A iniciativa foi detalhada em abril de 2026 e ainda depende da publicação de uma Medida Provisória para entrar em vigor. Segundo a equipe econômica e o Ministério do Trabalho, a formalização é esperada até o final de maio de 2026.
A seguir, veja quem pode sacar, como vai funcionar na prática e o que já se sabe sobre as condições do programa.
Saque de 20% do FGTS para pagar dívidas: o que o governo já confirmou
- O que é: Saque de até 20% do saldo do FGTS direcionado para quitação de dívidas
- Quem pode sacar: Trabalhadores formais com renda de até cinco salários mínimos (R$ 8.105)
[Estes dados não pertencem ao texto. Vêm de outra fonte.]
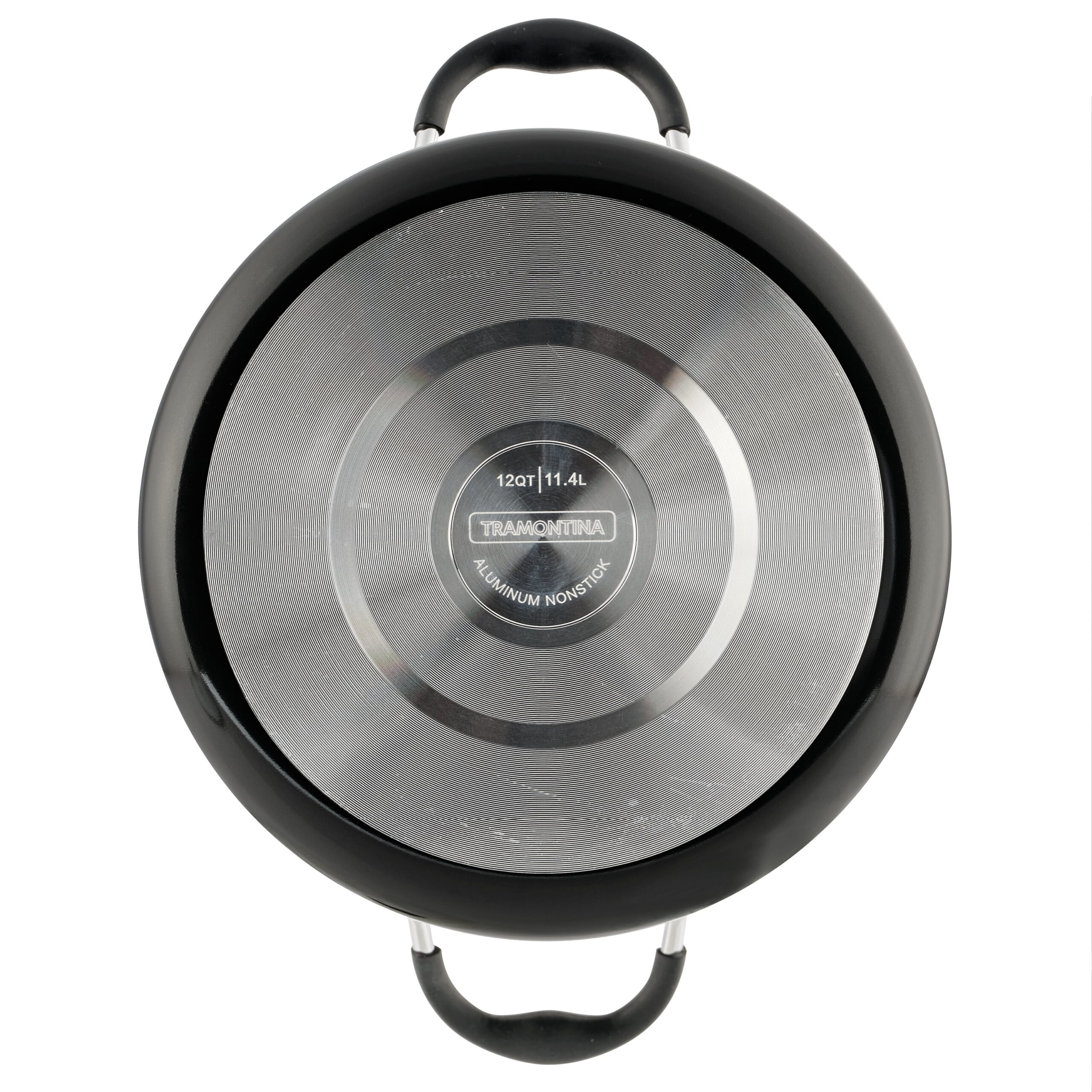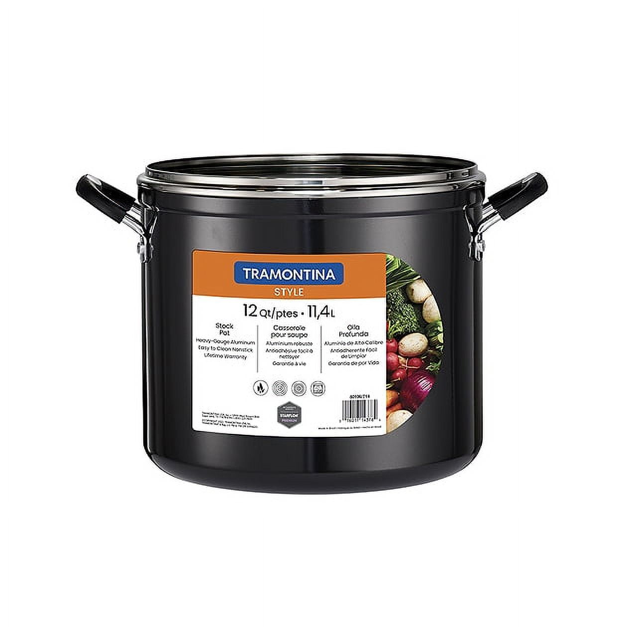 Tramontina’s Porcelain Enamel Aluminum 12 Quart Nonstick Covered Stock Pot is ideal for cooking pasta, preparing soup, boiling veggies or simmering chili. Cooks will be pleased by its heavy-gauge aluminum construction, quick heat distribution, and durable porcelain enamel exterior that is resistant to chips and scratches. Its high-performance nonstick interior provides effortless cooking and easy cleanup. The heat- and shatter-resistant tempered glass lid allows you to monitor your cooking progress, while the ergonomically designed handles provide added support when handling a filled pot. This dishwasher-safe cookware is compatible with gas, electric and ceramic glass cooktops, is oven-safe up to 350 F / 176 C, and offered under a Lifetime Warranty.

- Prazo: Medida Provisória esperada até o final de maio de 2026
O saque do FGTS para pagar dívidas é direcionado exclusivamente aos trabalhadores formais. O critério central é a renda mensal de até cinco salários mínimos, teto equivalente a R$ 8.105 na tabela atual.
O mecanismo prevê que o valor sacado seja usado diretamente para abater o saldo devedor. O restante da dívida poderá ser refinanciado com condições especiais — o governo pretende oferecer uma garantia para essas operações, estabelecendo uma taxa de juros pré-fixada ou um teto máximo de juros.
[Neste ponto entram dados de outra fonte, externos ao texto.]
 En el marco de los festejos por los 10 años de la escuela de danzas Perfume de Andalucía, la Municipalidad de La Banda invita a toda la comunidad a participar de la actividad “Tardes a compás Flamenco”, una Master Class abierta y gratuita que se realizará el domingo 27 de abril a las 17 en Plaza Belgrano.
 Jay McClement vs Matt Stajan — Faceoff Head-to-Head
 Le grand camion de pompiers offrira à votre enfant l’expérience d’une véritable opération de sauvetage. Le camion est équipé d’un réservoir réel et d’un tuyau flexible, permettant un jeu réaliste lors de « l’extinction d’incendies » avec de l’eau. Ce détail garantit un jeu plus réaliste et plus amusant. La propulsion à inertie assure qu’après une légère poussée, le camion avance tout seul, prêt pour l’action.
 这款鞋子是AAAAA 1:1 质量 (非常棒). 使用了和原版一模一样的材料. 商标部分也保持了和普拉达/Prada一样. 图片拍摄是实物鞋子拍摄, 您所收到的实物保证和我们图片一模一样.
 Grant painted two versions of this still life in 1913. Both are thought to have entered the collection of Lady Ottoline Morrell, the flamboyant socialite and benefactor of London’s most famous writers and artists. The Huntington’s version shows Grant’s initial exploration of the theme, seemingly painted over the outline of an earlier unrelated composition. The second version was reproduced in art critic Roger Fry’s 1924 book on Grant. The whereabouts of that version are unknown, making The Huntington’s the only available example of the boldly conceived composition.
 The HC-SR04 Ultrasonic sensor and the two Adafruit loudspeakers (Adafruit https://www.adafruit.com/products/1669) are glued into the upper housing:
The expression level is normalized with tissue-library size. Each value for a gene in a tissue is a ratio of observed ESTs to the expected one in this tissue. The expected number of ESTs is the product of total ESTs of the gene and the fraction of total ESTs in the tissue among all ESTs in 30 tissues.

Outro ponto já definido: as instituições financeiras participantes terão de oferecer um desconto mínimo obrigatório sobre o saldo da dívida, que pode chegar a 90%, antes do abatimento com os recursos do fundo.
O que ainda está sendo definido
A medida ainda não está em vigor. Para que o saque do FGTS para quitação de dívidas seja liberado, o governo federal precisa editar e publicar uma Medida Provisória.
Os detalhes operacionais — como os bancos aplicarão os descontos e como o trabalhador solicitará o resgate diretamente para quitação da dívida — estão sendo alinhados entre o Ministério da Fazenda e o Palácio do Planalto.
A expectativa, apontada por especialistas de mercado, é que a formalização ocorra até o final de maio de 2026. Enquanto o instrumento legal não for publicado, nenhuma operação de saque vinculada a esse programa pode ser realizada.
Como as regras operacionais ainda estão sendo definidas, evite buscar esse tipo de saque em qualquer banco ou aplicativo antes da publicação oficial da Medida Provisória. Propostas que prometem o benefício antes da formalização legal não têm amparo no programa anunciado pelo governo.
Pacote mais amplo: caminhoneiros, motoristas e setores estratégicos
O saque do FGTS é parte de um conjunto maior de medidas anunciadas pelo governo federal. O pacote também prevê a criação de linhas de crédito específicas para categorias autônomas como caminhoneiros, motoristas de aplicativos e taxistas.
Esses grupos enfrentam dificuldades para acessar financiamentos com taxas acessíveis para manutenção de veículos e capital de giro. A proposta é estruturar um suporte que garanta a continuidade das operações.
Além disso, o pacote prevê incentivos para setores considerados estratégicos: a construção civil e a cadeia produtiva de fertilizantes receberão atenção especial do governo para impulsionar atividades e estabilizar operações.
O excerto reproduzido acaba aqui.